I gasped as I slammed back into my body.

The dungeon reassembled around me in jagged, overwhelming pieces—stone, rust, blood, mold.

It was all too real, too loud. But none of it could drown out what I’d just seen.

Not the sickly glow of the Vessel. Not the voice of the God made of shadow and rot.

Not the words that had hooked into my chest and refused to let go.

The soul of the Dragon.

The phrase echoed in my bones, vibrating with truth I wasn’t ready to face. Vyper asked Azh’raim how to control me—how to own me. And the answer was Drake.

My head throbbed. I clutched at my temples, fighting the tide of memory.

But worse than the vision was the feeling that had followed it.

A pulse, like a second heartbeat—not mine, but his .

I’d felt it. Not just through memory. Through something more.

Something alive. A tether between us, suddenly sharper. Thicker.

My stomach turned.

“Eva?” Fen’s voice came through the fog. “What happened?”

I looked at her, and for once, words didn’t come easily. “I saw him,” I said at last. “Vyper. In the chamber. He was communing with Azh’raim through the mirror.”

Even saying the name sent a ripple of nausea through me.

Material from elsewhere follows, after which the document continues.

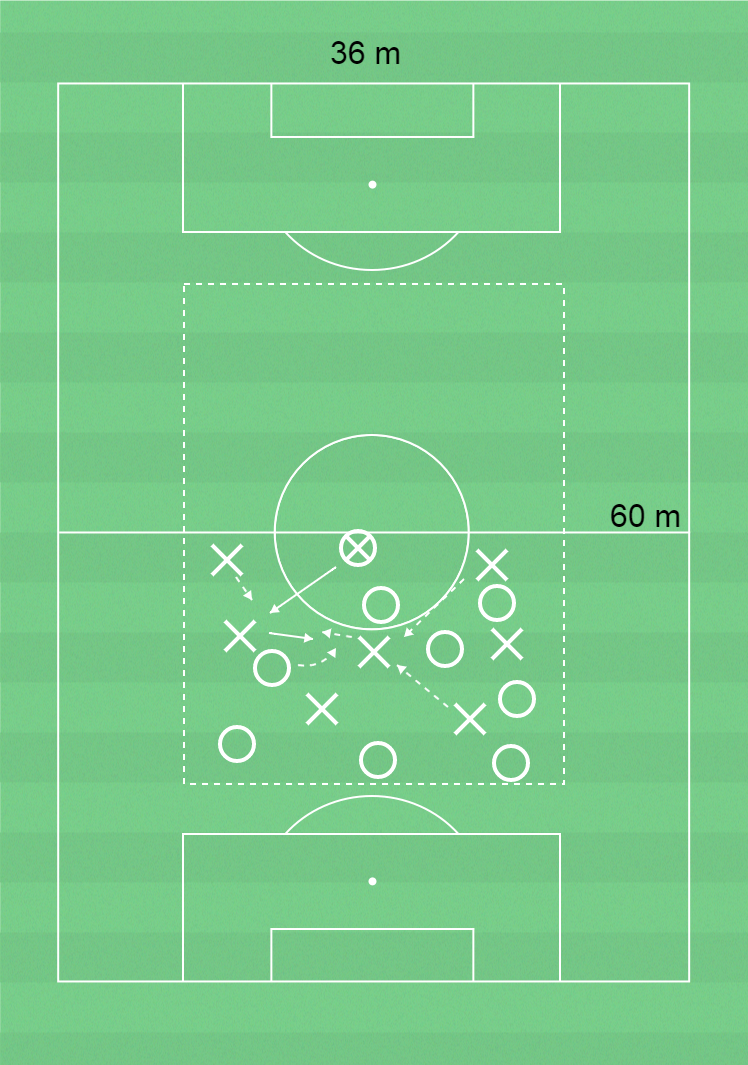 16 spelare, spelplan 60 x 36 meter, bollar, koner och västar.

“He asked how to control me. And the God told him the price. He said Vyper would have to offer what I desire most.”

A pause.

Fen’s mouth tightened. “Drake.”

I nodded slowly. “He knows about the bond.”

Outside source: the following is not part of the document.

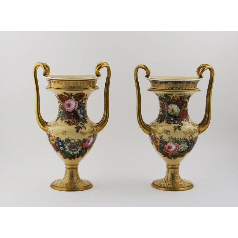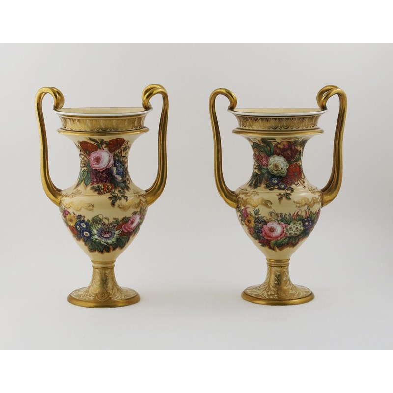 A fine and large pair of Copeland and Garrett Felspar porcelain vases c.1840, finely painted with effusions of flowers and fruit within gilt scrolling borders reserved on a rich cream ground, the tall gilt handles joining the low shoulders to the flared necks, printed marks, 44.5cm. (2)

I waited for their reactions—shock, confusion, disbelief. But none came. Instead, they exchanged a look. “Tell me what it means,” I said quietly. “The love bond. Tell me more. I need to understand.”

Felix looked at me, and for a moment, he hesitated—like he was deciding how much of the truth to soften. Then he sighed and crouched beside me.

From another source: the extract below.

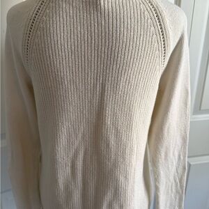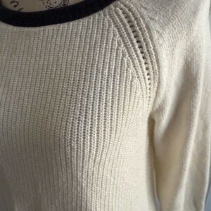 Talbots sweater worn once,’size small. Color is white with Black trim. Bottom has small side slit. Sweater is ribbed.

“There are a lot of kinds of Riftbonds,” he began.

“Most of them are… well, trash. They form in battle, in bed, in trauma—pick your poison. Burn hot, burn fast, and usually burn someone alive. But your kind?” He tipped his head, a faint, crooked grin on his filthy face.

“Rare. The archives call it a love bond. Not lust. Not obligation. Resonance. The Rift sees two idiots choosing each other completely and goes, ‘Oh, sweet, let’s immortalize that drama.’”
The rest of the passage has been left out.